-- Data to use --
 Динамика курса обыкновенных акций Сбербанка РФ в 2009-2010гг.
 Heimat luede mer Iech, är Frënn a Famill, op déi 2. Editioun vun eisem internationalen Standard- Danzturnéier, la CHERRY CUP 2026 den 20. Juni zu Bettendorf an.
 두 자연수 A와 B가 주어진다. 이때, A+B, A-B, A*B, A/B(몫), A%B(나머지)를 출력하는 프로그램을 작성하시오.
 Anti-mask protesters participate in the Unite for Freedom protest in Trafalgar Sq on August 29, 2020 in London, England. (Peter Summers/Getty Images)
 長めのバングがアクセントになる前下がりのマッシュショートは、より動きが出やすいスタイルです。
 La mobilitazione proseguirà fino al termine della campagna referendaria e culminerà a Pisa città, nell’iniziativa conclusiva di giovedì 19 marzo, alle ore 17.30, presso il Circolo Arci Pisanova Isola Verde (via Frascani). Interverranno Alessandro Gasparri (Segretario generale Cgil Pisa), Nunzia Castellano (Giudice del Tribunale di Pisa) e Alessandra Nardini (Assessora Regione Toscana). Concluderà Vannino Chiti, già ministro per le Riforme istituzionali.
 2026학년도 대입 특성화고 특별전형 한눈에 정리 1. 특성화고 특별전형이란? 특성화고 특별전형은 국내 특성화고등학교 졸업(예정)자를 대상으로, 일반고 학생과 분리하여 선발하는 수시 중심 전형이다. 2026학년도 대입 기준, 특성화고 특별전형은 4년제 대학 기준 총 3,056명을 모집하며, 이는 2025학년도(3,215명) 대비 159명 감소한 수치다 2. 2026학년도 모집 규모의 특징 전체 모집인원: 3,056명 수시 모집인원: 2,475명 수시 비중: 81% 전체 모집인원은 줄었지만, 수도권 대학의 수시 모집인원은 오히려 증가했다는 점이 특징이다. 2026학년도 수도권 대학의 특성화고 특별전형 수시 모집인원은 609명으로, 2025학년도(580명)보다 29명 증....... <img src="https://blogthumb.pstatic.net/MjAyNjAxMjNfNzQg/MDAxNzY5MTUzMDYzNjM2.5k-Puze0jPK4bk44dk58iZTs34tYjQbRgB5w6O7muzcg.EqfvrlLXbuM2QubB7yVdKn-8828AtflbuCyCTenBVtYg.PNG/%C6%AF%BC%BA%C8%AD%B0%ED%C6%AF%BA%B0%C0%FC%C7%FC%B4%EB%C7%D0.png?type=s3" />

---

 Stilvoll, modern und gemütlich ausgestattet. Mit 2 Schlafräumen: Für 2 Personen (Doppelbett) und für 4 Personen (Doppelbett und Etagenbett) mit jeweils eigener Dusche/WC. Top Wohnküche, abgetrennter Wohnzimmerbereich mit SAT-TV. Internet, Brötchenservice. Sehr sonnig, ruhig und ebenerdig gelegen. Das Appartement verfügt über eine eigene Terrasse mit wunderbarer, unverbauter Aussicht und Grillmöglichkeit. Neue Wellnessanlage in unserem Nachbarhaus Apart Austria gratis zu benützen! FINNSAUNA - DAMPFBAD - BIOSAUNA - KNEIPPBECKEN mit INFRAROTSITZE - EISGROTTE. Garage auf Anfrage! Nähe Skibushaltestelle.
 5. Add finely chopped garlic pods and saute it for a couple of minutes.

-- To do --
Within the listing above, locate the line containing "Heimat luede mer" and the line containing "長めのバングがアクセントにな". Reproduce those two lines and all lines between them exactly, with nothing added.

-- Written response --
 Heimat luede mer Iech, är Frënn a Famill, op déi 2. Editioun vun eisem internationalen Standard- Danzturnéier, la CHERRY CUP 2026 den 20. Juni zu Bettendorf an.
 두 자연수 A와 B가 주어진다. 이때, A+B, A-B, A*B, A/B(몫), A%B(나머지)를 출력하는 프로그램을 작성하시오.
 Anti-mask protesters participate in the Unite for Freedom protest in Trafalgar Sq on August 29, 2020 in London, England. (Peter Summers/Getty Images)
 長めのバングがアクセントになる前下がりのマッシュショートは、より動きが出やすいスタイルです。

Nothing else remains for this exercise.